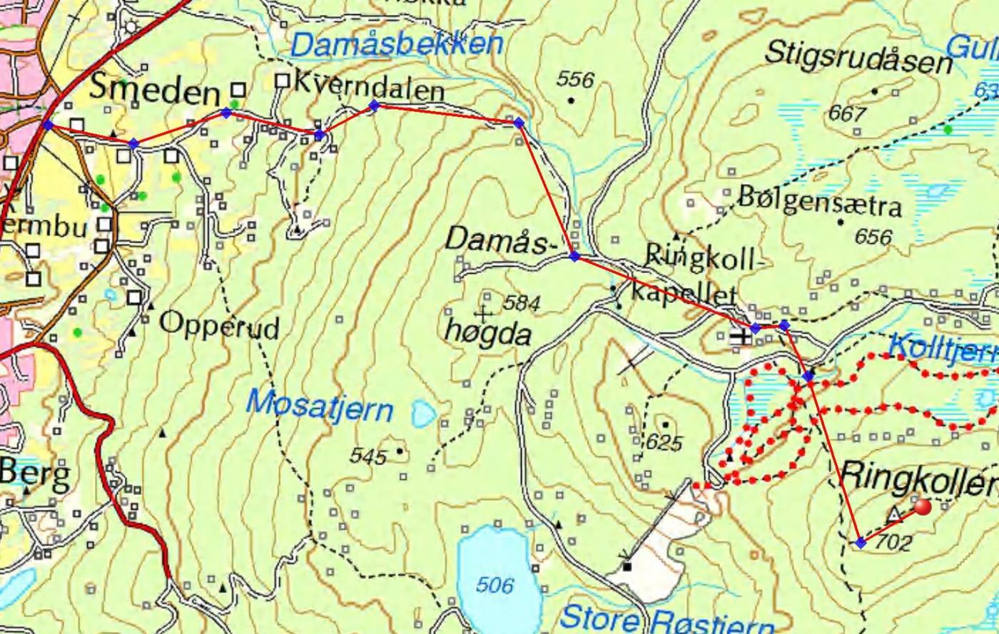 Jeg liker denne tråden. Perfekt for meg som sjeldent går noe mer enn dagsturer I dag gikk vi denne turen, nydelig vær og som alltid så møter man aldri noen med en gang man går av grusveien og inn på sti! Siden kartet mitt ikke har hørt om stedsnavn så slenger jeg på litt! Starta fra Stryken og igjennom det jeg *tror* heter Rødputtdalen, så gikk vi ned Djupdalen og rundt Nordre Djupdalstjern. Forlot grusveien og inn på skogsti midt i mellom Lille daltjuven og Mantjernet. Her kosa jeg meg med halve kvikklunsjen min før vi gikk videre nedover. Forbi Håndkleputten og opp til noen hytter. Her svingte vi mot øst, i retning Skillingen. Midt inni her et sted var det så fin utsikt at jeg måtte stoppe for å spise resten av sjokoladen min. Snublet (bokstavelig talt) ut på grusveien og trasket på den de siste to kilometrene. hjemover. Nøtteliten gjør seg klar for vinteren: Håndkleputt hytta: Og er man gærn hundedame, så ER man gærn hundedame. Gutten nyter utsikten: Utsikt til Harestua:1 poeng
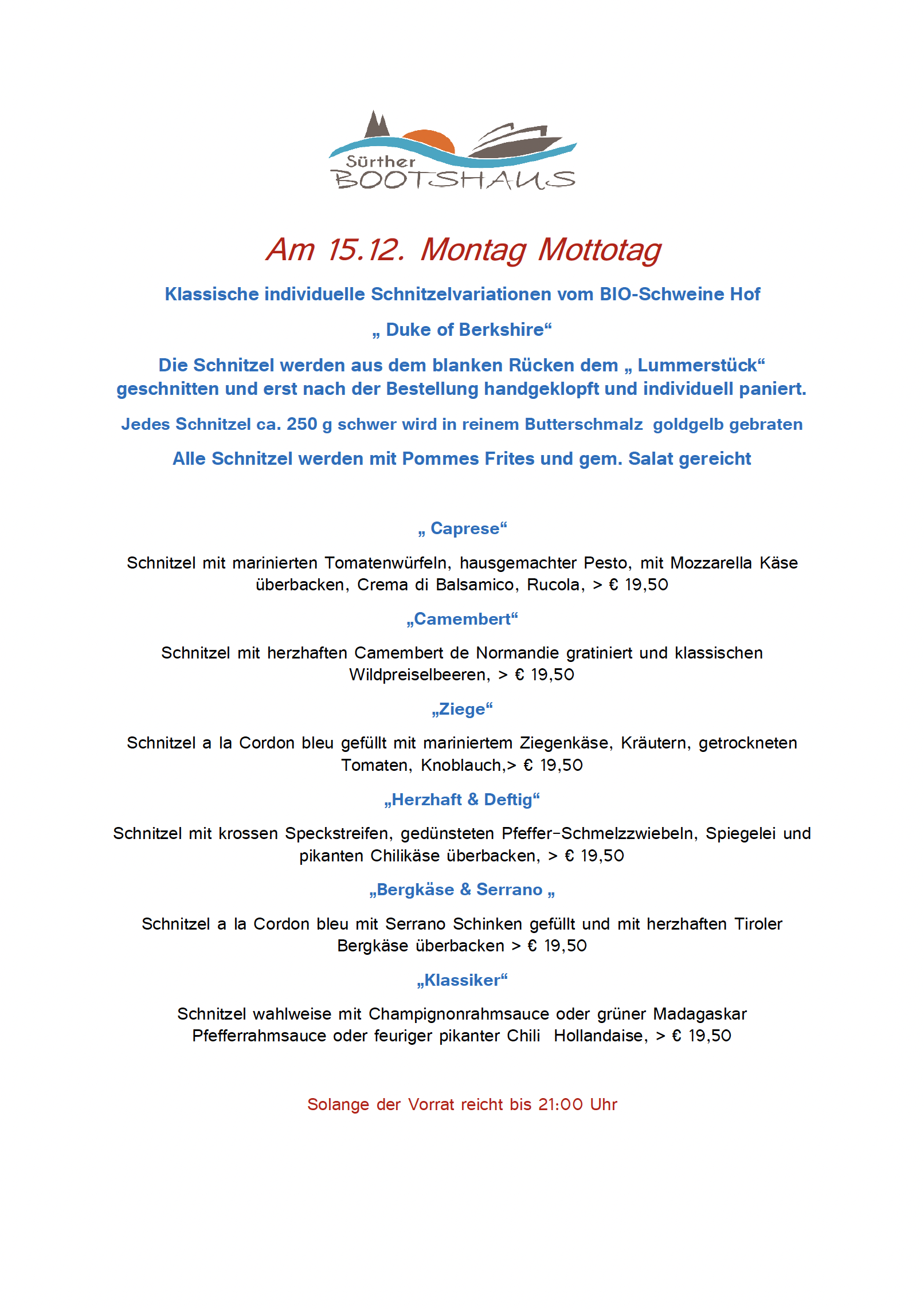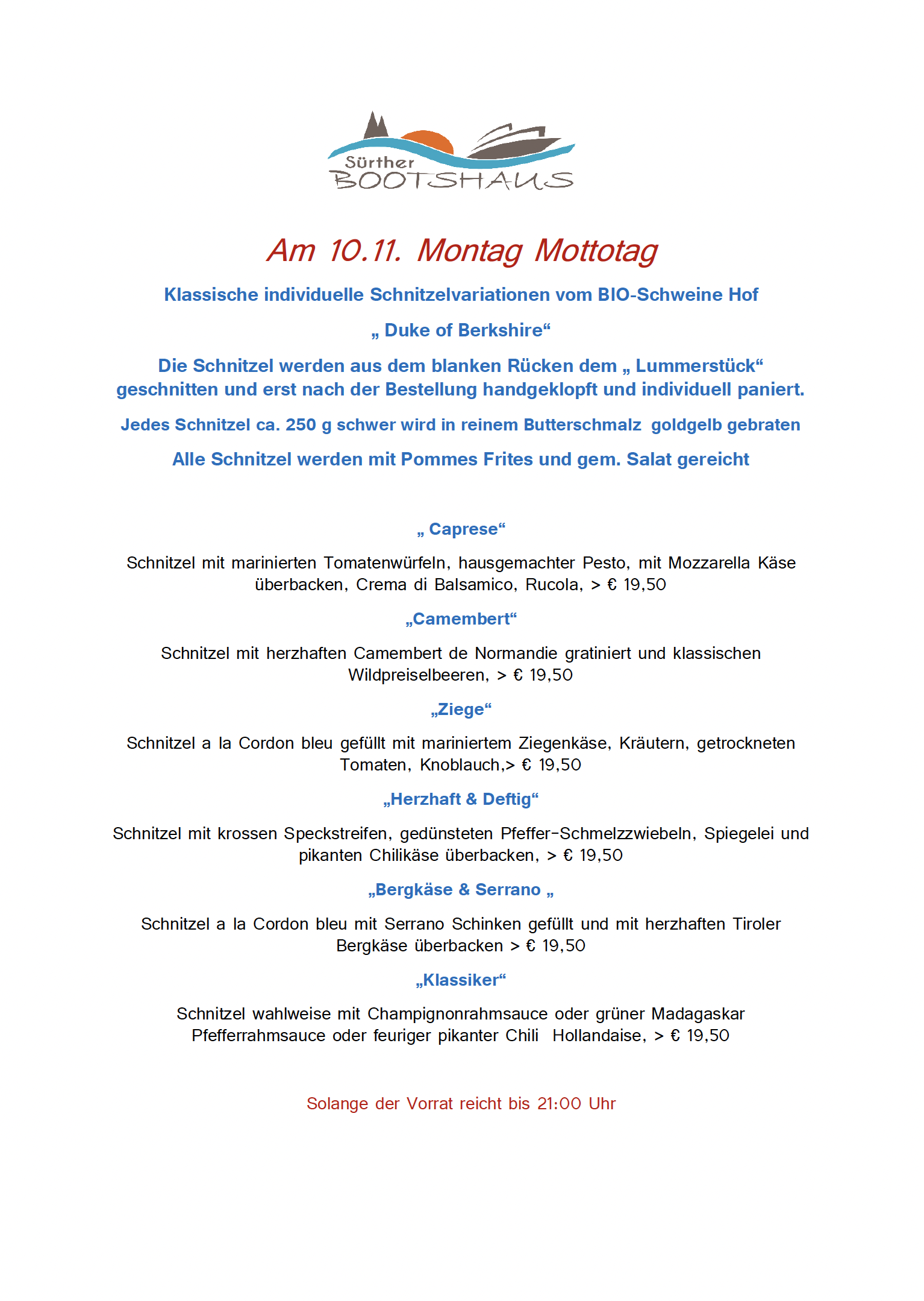 Küche 16.30 bis 21.00 Uhr
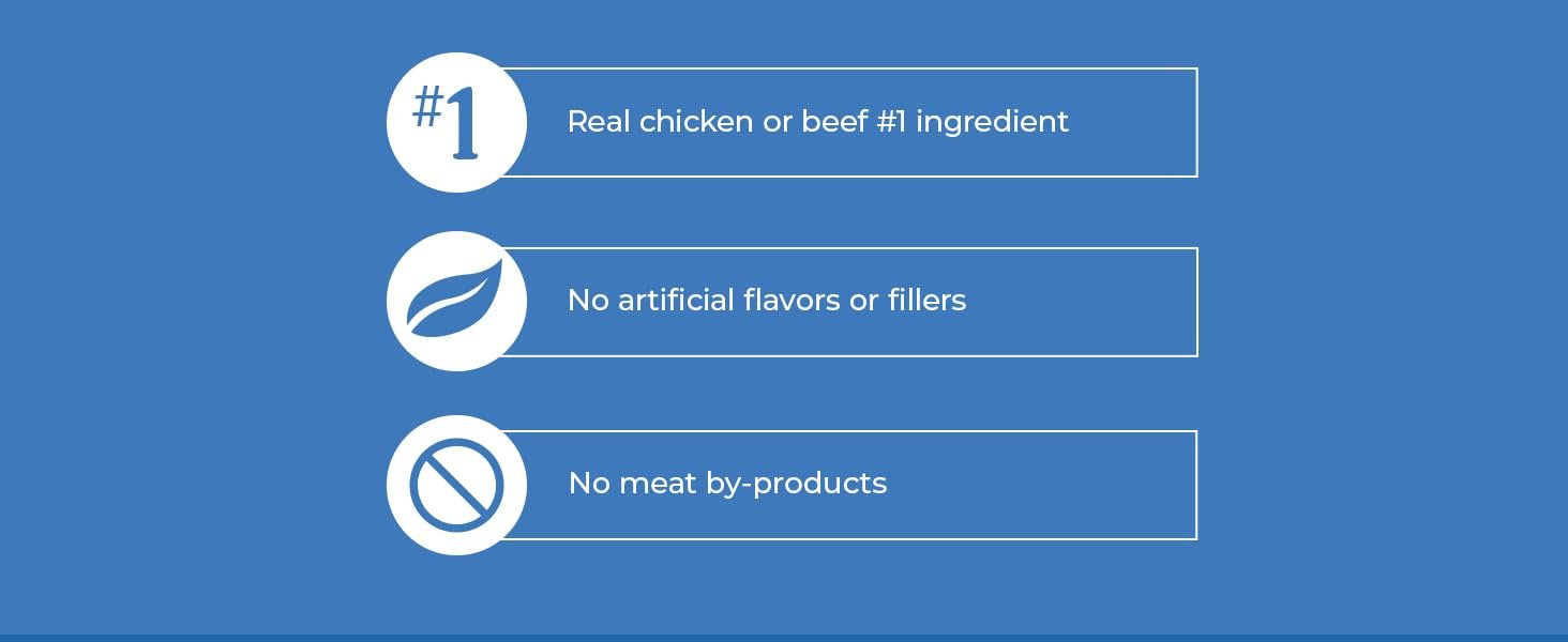 PetsCareLab's conclusion: These tender, homestyle snacks feature real chicken as the primary ingredient and a soft texture that makes them a perfect five-star reward for adult dogs of all sizes, particularly seniors with dental sensitivities or pups that prefer a chewy treat over a hard crunch.

■ Assignment
Return the material exactly as written, except for any pictures it holds.

■ Solution
 Jeg liker denne tråden. Perfekt for meg som sjeldent går noe mer enn dagsturer I dag gikk vi denne turen, nydelig vær og som alltid så møter man aldri noen med en gang man går av grusveien og inn på sti! Siden kartet mitt ikke har hørt om stedsnavn så slenger jeg på litt! Starta fra Stryken og igjennom det jeg *tror* heter Rødputtdalen, så gikk vi ned Djupdalen og rundt Nordre Djupdalstjern. Forlot grusveien og inn på skogsti midt i mellom Lille daltjuven og Mantjernet. Her kosa jeg meg med halve kvikklunsjen min før vi gikk videre nedover. Forbi Håndkleputten og opp til noen hytter. Her svingte vi mot øst, i retning Skillingen. Midt inni her et sted var det så fin utsikt at jeg måtte stoppe for å spise resten av sjokoladen min. Snublet (bokstavelig talt) ut på grusveien og trasket på den de siste to kilometrene. hjemover. Nøtteliten gjør seg klar for vinteren: Håndkleputt hytta: Og er man gærn hundedame, så ER man gærn hundedame. Gutten nyter utsikten: Utsikt til Harestua:1 poeng
 Küche 16.30 bis 21.00 Uhr
 PetsCareLab's conclusion: These tender, homestyle snacks feature real chicken as the primary ingredient and a soft texture that makes them a perfect five-star reward for adult dogs of all sizes, particularly seniors with dental sensitivities or pups that prefer a chewy treat over a hard crunch.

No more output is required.